1. Salary Compliance Structuring (One-Off Setup)
For most employers, the preferred approach is to design a pay and working pattern that avoids unnecessary complexity.
We provide a structured review of your current arrangements and advise on how to minimise the risk of non-compliance under SW 14.3B.
This includes:
Assessing whether b(i), b(ii), or c applies
Advising on pay frequency and weekly working hours
Identifying risk areas, including uneven hours and reduced pay periods
Providing a clear, compliant structure across your workforce
The aim is to ensure compliance without the need for ongoing monitoring of complex assessment periods.
2. Ongoing Compliance Support (Variable / Zero-Hours Workforce)
Where employers choose to retain zero-hours or variable working patterns, compliance becomes significantly more complex.
In these cases, we work closely with HR and payroll teams on an ongoing basis to support compliance throughout the year.
This includes:
Regular (typically weekly) review of hours worked and pay
Assessment of compliance across relevant pay periods
Identification of potential risks before they arise
Ongoing guidance to maintain compliance across all sponsored workers
This approach is designed for employers who require flexibility but recognise the increased compliance burden.
Which Approach Is Right for You?
In most cases, employers will find that a consistent approach to hours and pay significantly reduces both risk and administrative burden.
However, where flexibility is essential, ongoing compliance support may be appropriate.
Contact us to discuss your current arrangements or planned recruitment on 0115 998 7326 or complete our enquiry form.
FAQs
1. What are “rolling windows” in Skilled Worker salary compliance?
This is not a Home Office term.
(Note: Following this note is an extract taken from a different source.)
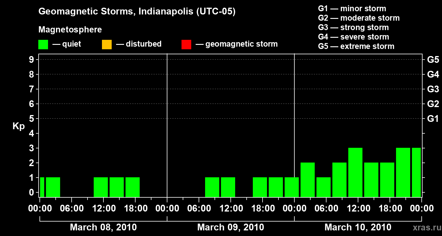 Geomagnetic storms in Indianapolis — Mar 10, 2010

It describes how the rules apply to any consecutive period, rather than fixed blocks.
2. When does the 17-week rule apply?
It applies where weekly hours are not the same each week, resulting in uneven pay.
3. Can employers vary working hours?
Yes, but doing so is likely to trigger the 17-week rule, which requires more complex monitoring.
4. Does annual salary still matter?
Yes, but compliance is now assessed across defined pay periods rather than annually.
5. Do absences affect compliance?
They can. Reduced pay during absences may affect whether the relevant period meets the required threshold.
6. What is the simplest way to remain compliant?
Maintaining consistent weekly hours and pay is generally the most straightforward approach.
7. Do the New Skilled Worker Salary Rules Apply to Me?
If you are unsure whether the new Skilled Worker salary rules apply, the key factor is the date your Certificate of Sponsorship (CoS) was assigned.
Use the quick guide below.
If your CoS was assigned before 8 April 2026:
You will generally remain under the previous salary rules
Salary is assessed primarily on an annual basis
The new pay period rules under SW 14.3B do not usually apply immediately
If your CoS is assigned on or after 8 April 2026:
The new pay period rules apply
Salary must meet thresholds across:
3-month periods (monthly pay)
12-week periods (weekly pay)
17-week periods (uneven hours)
Compliance must be maintained continuously (referred to in this article as “rolling windows”)
If you are extending or changing employment:
The new rules are likely to apply
A new CoS will normally bring the worker into the updated framework
Practical takeaway
Existing workers may remain under old rules for now
New hires and extensions will fall under the new system
Many employers will need to operate both systems at the same time
If you are unsure which rules apply to your workforce, a structured review can prevent future compliance issues.